To change Apostrophe's behavior when a particular type of piece is saved, just override the beforeSave method in your code for that module:

var superBeforeSave = self.beforeSave;
self.beforeSave = function(req, piece, options, callback) {
  piece.title = piece.firstName + ' ' + piece.lastName;
  return superBeforeSave(req, piece, options, callback);
};

This works for all insert and update operations that go through the module's insert and update operations, which includes all of the normal UI for editing pieces.

Here I'm invoking the original, "super" or "parent" version of the method after my own, to make sure I don't lose any existing useful beforeSave behavior. If I'm subclassing pieces directly, I know it's empty, so I can skip that bit and just invoke the callback.

# Adding special behavior when anything is saved

You can also extend Apostrophe's behavior for saving all types of docs. This is really useful if you're implementing something like a custom search engine.

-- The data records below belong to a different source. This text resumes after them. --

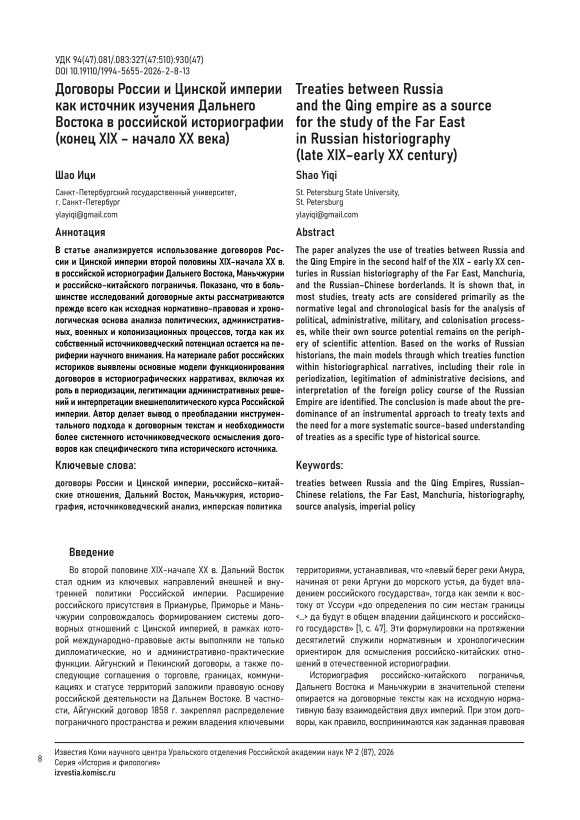 The paper analyzes the use of treaties between Russia and the Qing Empire in the second half of the XIX – early XX centuries in Russian historiography of the Far East, Manchuria, and the Russian–Chinese borderlands. It is shown that, in most studies, treaty acts are considered primarily as the normative legal and chronological basis for the analysis of political, administrative, military, and colonisation processes, while their own source potential remains on the periphery of scientific attention. Based on the works of Russian historians, the main models through which treaties function within historiographical narratives, including their role in periodization, legitimation of administrative decisions, and interpretation of the foreign policy course of the Russian Empire are identified. The conclusion is made about the predominance of an instrumental approach to treaty texts and the need for a more systematic source–based understanding of treaties as a specific type of historical source.
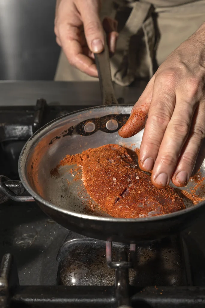 Incidete la pelle dei petti con tagli verticali, senza intaccare la carne. Preparate un mix con zenzero, paprika dolce, noce moscata, pepe nero e sale grosso. Strofinatelo sui petti d’anatra.
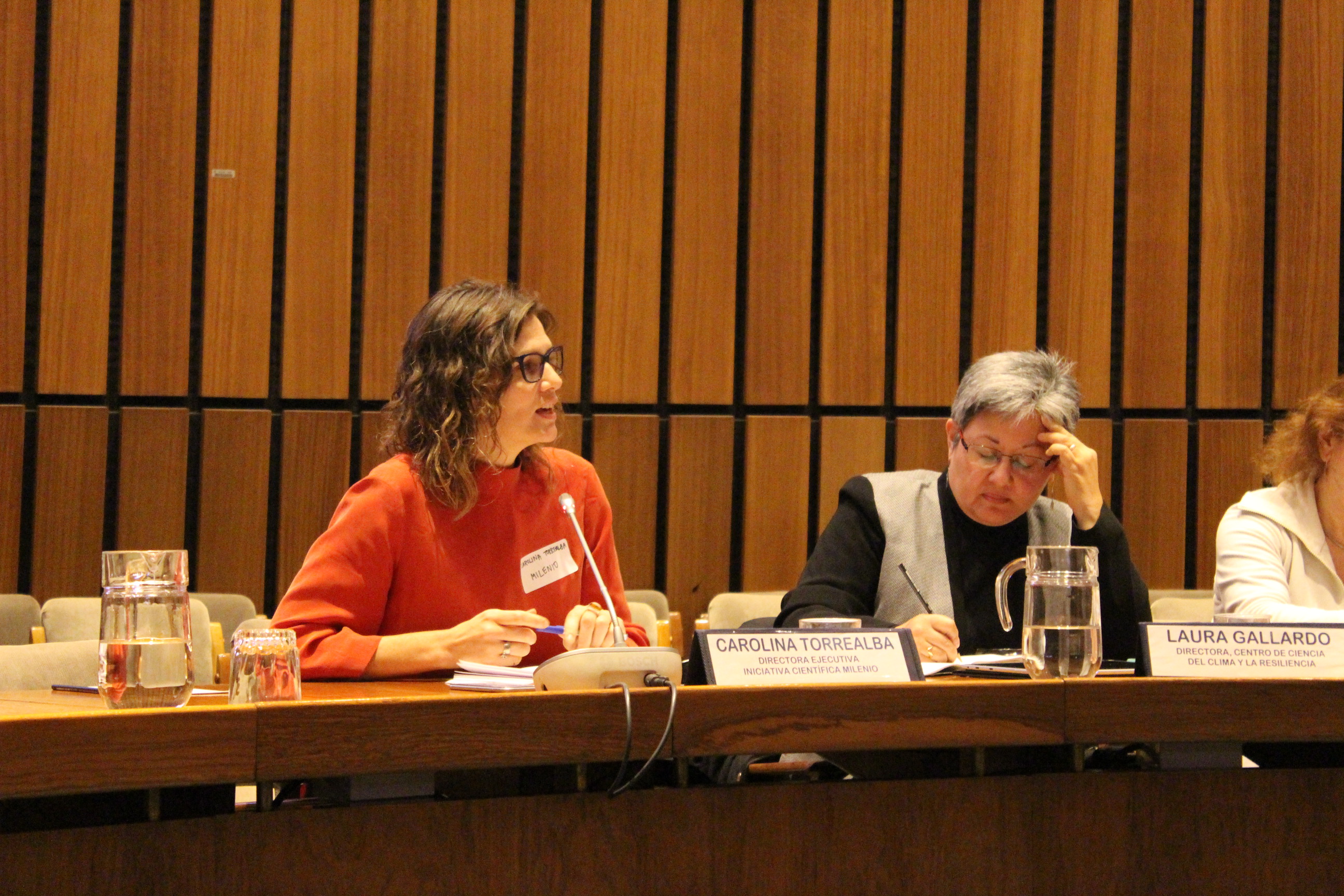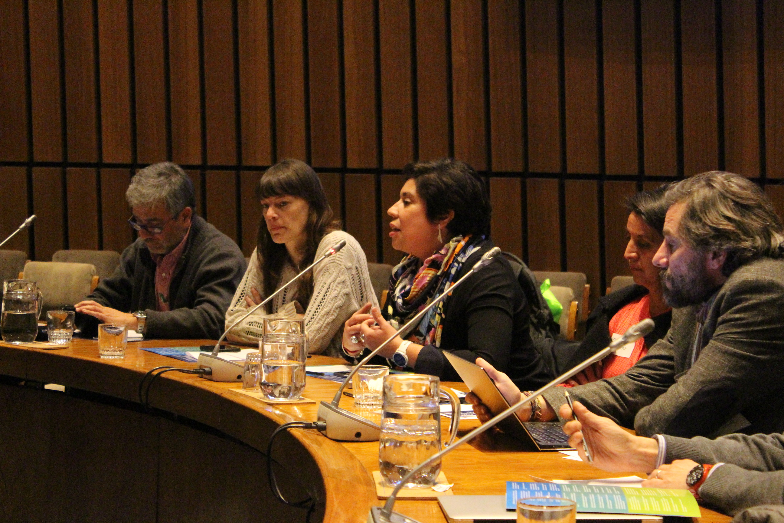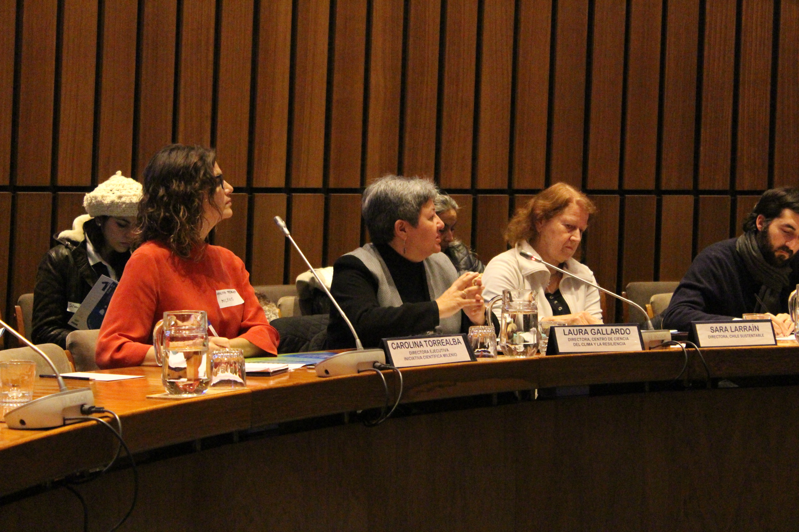 Quienes conformaron el panel en esta oportunidad fueron Rafael Palacios, director de políticas públicas de la SOFOFA, Isabel Meneses, directora del Programa de Investigación Asociativa de CONICYT, Sara Larraín, directora de Chile Sustentable, Juan José Donoso, jefe de la División de Recursos Naturales y Biodiversidad del Ministerio de Medio Ambiente, Guido Girardi, presidente de la Comisión Desafíos del Futuro, Ciencia, Tecnología e Innovación de la cámara del Senado y Laura Gallardo, directora del Centro de Ciencia del Clima y la Resiliencia (CR)2.
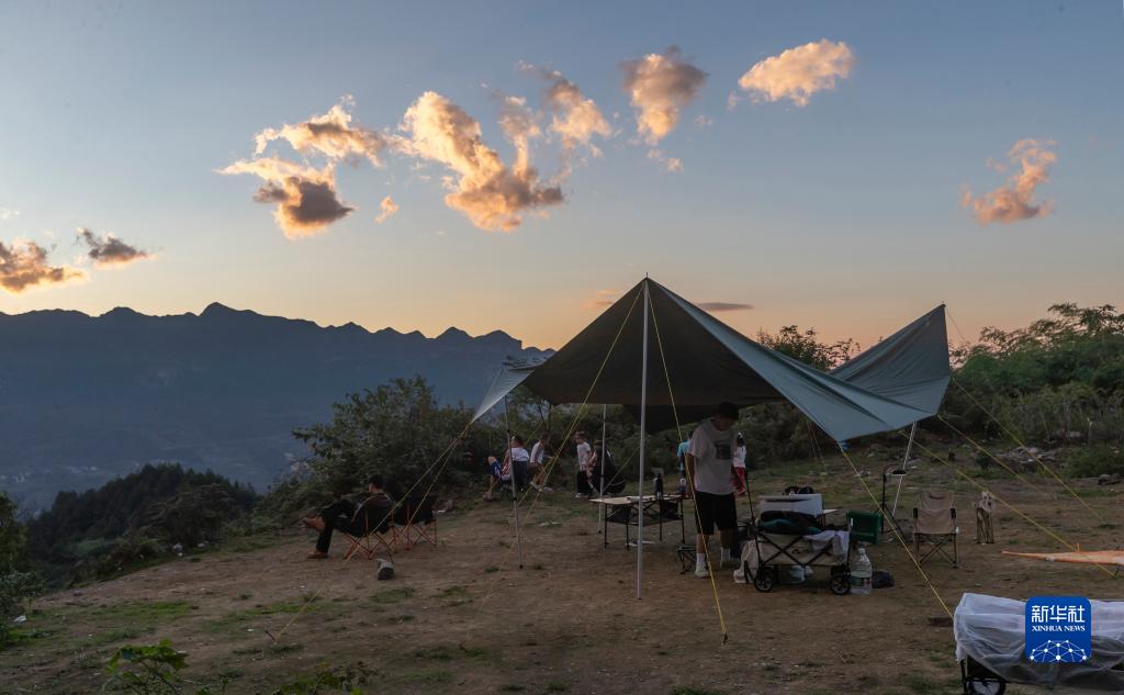 10月2日,游客在重慶市南川區(qū)三泉鎮(zhèn)馬嘴村露營游玩。
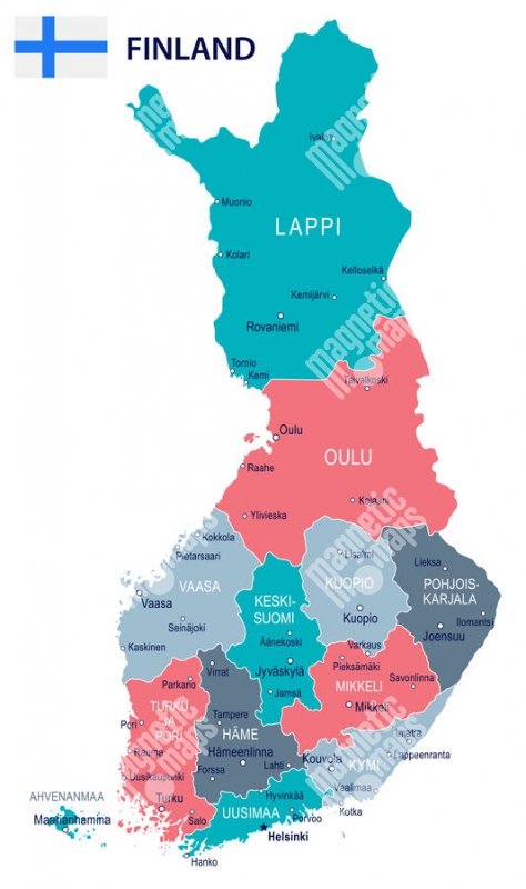 Carte magnétique de la Finlande, illustré, COLOREE

A custom search engine module might have an index.js file a little like this:


var coolSearch = require('made-up-search-engine');

module.exports = {
  construct: function(self, options) {
    self.docBeforeSave = function(req, doc, callback) {
      return coolSearch.addToIndex(doc.title, callback);
    };
  }
};

Here's the magic: Apostrophe will call docBeforeSave for every module that has one.

Note that the callback is optional. If your docBeforeSave handler doesn't need to do anything async, it can declare just req, doc as parameters.

Performance warning: docBeforeSave handlers should be as fast as possible. Always begin by asking, "is this doc any of my business?" Usually a peek at doc.type tells you. If the answer is no... just invoke the callback and return immediately!